The film succeeds far more when it focuses on Iris and Maggie’s relationship. They not only become friends, but the more experienced girl introduces her new charge to lipstick, booze, and more out-of-the-box thinking. Those are cliches too, but at least the two underplay them. Hayward and Liberato have great chemistry together, and Stephens does admirably by them, never pushing their line readings or gestures to caricature. In fact, the two performances work best when they are quietly reacting to each other or what’s going on around them, with nary a word of dialogue from the problematic script.

Such moments counter the overripe dialogue the adult characters get handed, though Jordano Spiro, Shea Whigham, and Tony Hale do their best to make sense of broadly written roles.
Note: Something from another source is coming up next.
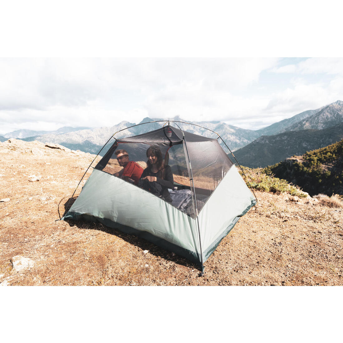 Tente conseillée avec matelas autogonflants ou matelas de trek de 70 cm de largeur maximum. Nous déconseillons l'usage de matelas gonflables de plus de 8 cm d'épaisseur dans cette tente. En effet, cela diminue fortement le volume à l'intérieur de la tente et favorise la condensation à l'intérieur.

At one point Iris’ oversexed mother says the following while flirting with farmhand Jeff – “Just ‘cause your momma went and drowned herself, don’t mean you gotta be scared of every woman you know.”  Spiro tries to lightly throw the line away but it still lands with a thud.

There’s a lot of weighty dialogue like that throughout, including a ton of talk about sex. Amongst topics discussed are how breasts can poke out of prom dresses, the manliness of actor Peter Lawford, and how to attract boys at school with the right come-hither looks. For a film so preoccupied with sex, it’s unfortunate that the script ignores a burgeoning attraction between Iris and Maggie. Instead, it opts to explore more of the bespectacled girl’s flirtations with Jeff. The film could have been daring like Donna Deitch’s lesbian love story DESERT HEARTS in 1985, or Abdellatif Kechiche’s BLUE IS THE WARMEST COLOR in 2013, but here, such sexual ambitions are skirted.

More strongly realized are the visual details in this period piece, particularly the costumes by Kiersten Hardgrover and Jessica Zavala. Jonathan Guggenheim’s production design is strongly realized too, although the cars all look too pristine for a rural community. Points too for getting the hairstyling accurate as well. The boys’ haircuts all look high and tight as they were during that period.

TO THE STARS tries for scale and scope, striving to say profound things about sexism, religious piety, and narrow thinking, commenting as much about today’s times as those of the film’s period. A lot of it rings true, acutely hitting its targets, but too much of it is done with a heavy hand. When the film is more subtle and lets its two leads shine, that’s when it rises higher and almost hits the stars.